### INPUT

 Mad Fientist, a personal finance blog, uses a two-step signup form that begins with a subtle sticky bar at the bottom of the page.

######
### INPUT

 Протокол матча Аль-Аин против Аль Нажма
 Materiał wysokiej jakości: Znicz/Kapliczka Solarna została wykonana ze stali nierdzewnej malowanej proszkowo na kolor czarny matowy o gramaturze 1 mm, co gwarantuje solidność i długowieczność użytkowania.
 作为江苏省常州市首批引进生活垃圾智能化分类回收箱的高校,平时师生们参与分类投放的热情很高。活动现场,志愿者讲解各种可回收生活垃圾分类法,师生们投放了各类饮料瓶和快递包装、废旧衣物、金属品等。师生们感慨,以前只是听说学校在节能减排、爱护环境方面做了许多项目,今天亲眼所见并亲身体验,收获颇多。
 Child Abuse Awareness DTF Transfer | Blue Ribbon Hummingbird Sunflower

######
### INPUT

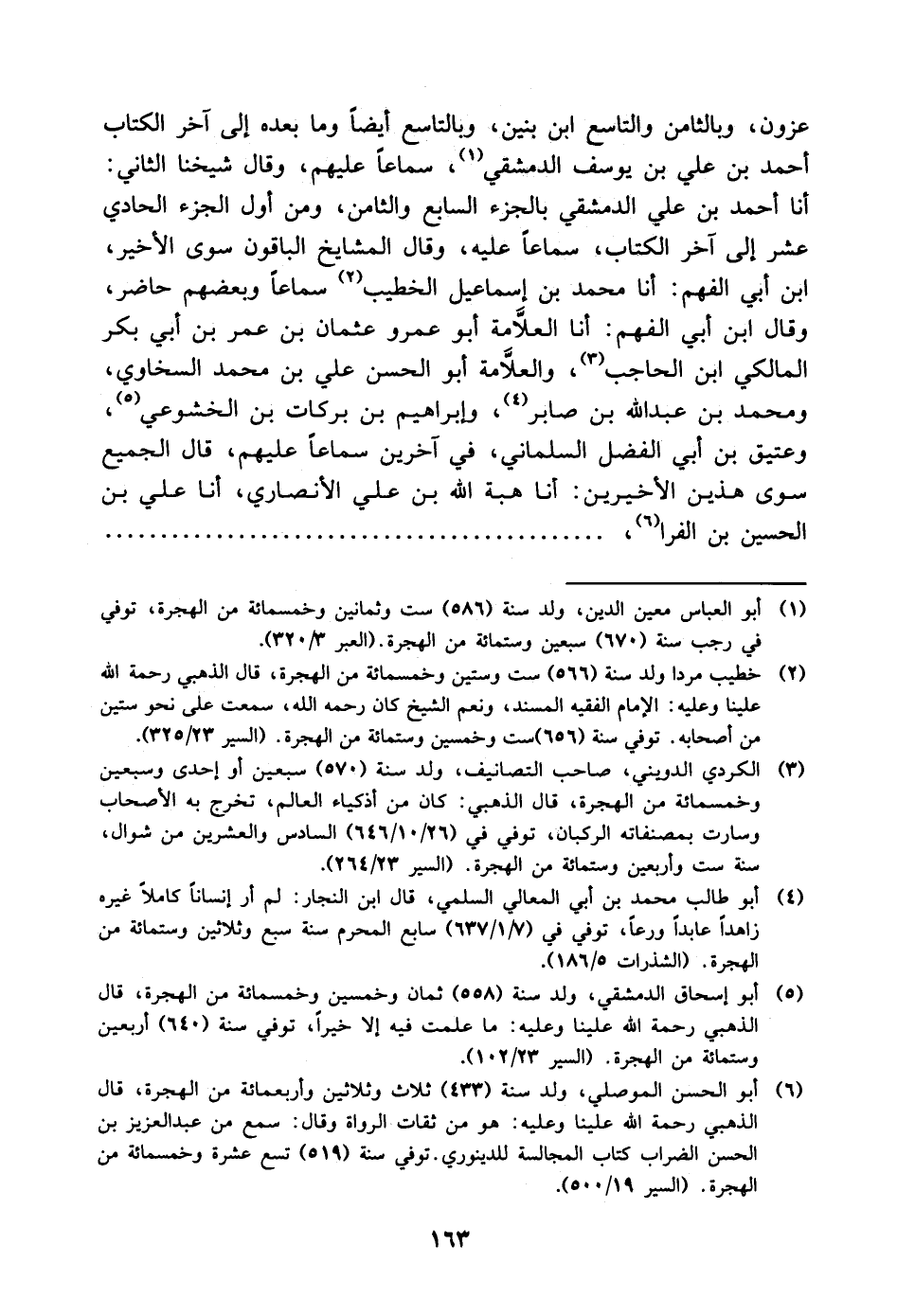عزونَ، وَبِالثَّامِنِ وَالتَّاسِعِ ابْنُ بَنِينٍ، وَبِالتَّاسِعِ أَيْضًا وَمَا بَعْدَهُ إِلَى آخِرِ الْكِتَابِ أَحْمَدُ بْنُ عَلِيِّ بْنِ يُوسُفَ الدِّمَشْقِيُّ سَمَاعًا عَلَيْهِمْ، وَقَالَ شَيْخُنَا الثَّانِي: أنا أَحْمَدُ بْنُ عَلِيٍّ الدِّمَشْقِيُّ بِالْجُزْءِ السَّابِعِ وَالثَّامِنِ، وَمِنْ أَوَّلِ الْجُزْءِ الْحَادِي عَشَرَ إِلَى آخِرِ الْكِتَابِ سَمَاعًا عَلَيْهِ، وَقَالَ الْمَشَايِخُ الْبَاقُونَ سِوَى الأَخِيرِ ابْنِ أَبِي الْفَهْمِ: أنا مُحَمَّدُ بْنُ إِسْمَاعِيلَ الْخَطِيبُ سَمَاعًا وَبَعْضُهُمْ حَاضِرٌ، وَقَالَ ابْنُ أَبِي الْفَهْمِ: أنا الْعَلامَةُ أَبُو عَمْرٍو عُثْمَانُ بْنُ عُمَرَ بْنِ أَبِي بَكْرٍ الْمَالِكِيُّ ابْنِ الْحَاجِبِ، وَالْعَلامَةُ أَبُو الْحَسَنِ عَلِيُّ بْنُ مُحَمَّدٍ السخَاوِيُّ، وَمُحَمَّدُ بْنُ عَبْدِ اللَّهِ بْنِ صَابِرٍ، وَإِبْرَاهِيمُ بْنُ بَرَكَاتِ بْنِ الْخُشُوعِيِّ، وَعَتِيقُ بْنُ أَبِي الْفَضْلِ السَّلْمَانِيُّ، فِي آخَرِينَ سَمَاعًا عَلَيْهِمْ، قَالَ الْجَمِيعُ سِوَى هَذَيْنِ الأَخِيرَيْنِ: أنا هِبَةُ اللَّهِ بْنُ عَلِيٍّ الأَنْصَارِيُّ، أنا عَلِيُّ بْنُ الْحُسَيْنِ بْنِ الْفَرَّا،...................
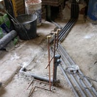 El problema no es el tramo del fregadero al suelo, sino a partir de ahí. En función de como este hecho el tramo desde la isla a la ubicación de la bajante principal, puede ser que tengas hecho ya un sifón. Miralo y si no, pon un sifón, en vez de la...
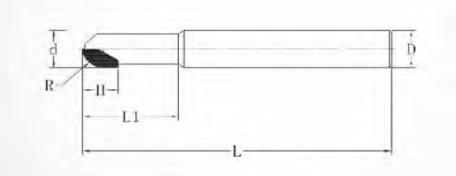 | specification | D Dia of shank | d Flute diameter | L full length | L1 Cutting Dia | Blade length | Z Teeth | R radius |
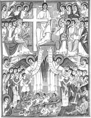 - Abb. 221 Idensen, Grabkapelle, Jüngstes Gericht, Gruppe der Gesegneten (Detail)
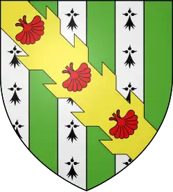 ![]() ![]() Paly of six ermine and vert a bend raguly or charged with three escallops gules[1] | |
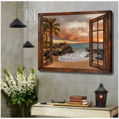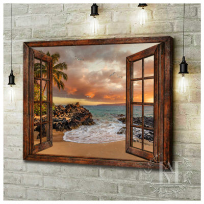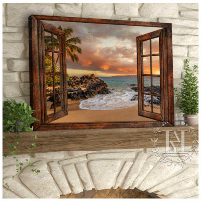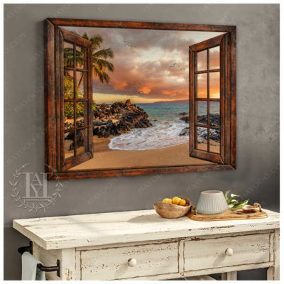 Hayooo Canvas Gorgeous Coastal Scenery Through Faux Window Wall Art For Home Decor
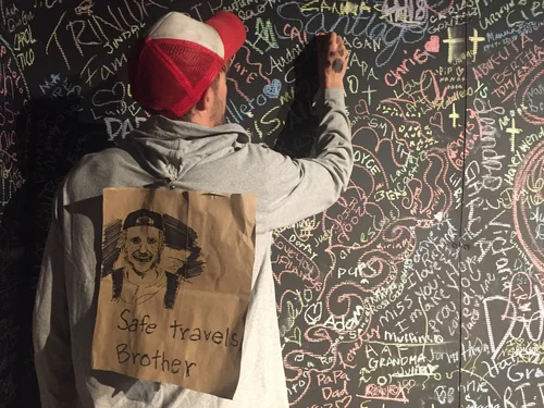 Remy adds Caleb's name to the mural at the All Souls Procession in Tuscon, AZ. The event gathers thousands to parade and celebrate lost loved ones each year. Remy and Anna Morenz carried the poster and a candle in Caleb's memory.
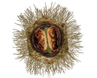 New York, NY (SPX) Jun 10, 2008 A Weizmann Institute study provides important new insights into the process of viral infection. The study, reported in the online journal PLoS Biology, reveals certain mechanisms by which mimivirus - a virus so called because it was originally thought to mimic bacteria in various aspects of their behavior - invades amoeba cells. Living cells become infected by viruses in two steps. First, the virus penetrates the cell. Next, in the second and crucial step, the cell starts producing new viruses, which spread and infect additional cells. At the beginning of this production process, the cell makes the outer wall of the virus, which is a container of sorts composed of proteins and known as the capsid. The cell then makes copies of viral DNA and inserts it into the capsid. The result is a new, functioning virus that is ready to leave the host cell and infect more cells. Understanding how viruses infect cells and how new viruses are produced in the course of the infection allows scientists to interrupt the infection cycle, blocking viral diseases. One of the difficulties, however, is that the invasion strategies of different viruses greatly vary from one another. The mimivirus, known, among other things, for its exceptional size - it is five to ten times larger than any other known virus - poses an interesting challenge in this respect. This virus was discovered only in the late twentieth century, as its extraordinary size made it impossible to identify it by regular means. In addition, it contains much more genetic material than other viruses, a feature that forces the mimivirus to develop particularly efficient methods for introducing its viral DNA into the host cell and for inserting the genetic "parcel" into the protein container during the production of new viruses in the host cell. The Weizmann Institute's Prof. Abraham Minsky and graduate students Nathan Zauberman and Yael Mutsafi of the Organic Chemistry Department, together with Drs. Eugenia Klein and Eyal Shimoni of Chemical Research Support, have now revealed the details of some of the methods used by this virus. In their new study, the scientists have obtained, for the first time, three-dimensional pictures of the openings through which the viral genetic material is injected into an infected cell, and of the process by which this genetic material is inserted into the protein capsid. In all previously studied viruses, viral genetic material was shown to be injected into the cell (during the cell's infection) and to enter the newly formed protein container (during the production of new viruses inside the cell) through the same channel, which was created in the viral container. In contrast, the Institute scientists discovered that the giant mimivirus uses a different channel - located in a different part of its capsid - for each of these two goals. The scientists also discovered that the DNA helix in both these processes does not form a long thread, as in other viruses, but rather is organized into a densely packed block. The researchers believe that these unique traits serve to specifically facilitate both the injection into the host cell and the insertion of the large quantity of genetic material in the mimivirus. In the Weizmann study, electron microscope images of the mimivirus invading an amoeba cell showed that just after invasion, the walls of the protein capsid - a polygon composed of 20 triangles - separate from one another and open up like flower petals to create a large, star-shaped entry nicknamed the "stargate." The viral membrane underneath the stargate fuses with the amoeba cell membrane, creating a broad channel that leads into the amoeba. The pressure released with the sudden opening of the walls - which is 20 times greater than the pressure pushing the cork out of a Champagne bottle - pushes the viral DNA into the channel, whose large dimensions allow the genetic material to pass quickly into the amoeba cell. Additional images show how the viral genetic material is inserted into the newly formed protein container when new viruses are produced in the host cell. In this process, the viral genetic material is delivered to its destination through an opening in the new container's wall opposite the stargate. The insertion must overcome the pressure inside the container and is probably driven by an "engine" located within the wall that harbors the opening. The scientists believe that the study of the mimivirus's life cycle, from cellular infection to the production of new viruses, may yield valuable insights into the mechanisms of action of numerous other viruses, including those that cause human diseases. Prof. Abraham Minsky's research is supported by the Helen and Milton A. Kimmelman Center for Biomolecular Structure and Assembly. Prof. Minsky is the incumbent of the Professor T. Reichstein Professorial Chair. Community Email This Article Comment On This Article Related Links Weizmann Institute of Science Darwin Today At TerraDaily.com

######

## BRIEF
Only one stretch of the data is wanted: write out exactly the lines from the one holding "gules[1] | |" through the one holding "Remy adds Caleb's", both included, without the pictures.

## REPLY
 ![]() ![]() Paly of six ermine and vert a bend raguly or charged with three escallops gules[1] | |
 Hayooo Canvas Gorgeous Coastal Scenery Through Faux Window Wall Art For Home Decor
 Remy adds Caleb's name to the mural at the All Souls Procession in Tuscon, AZ. The event gathers thousands to parade and celebrate lost loved ones each year. Remy and Anna Morenz carried the poster and a candle in Caleb's memory.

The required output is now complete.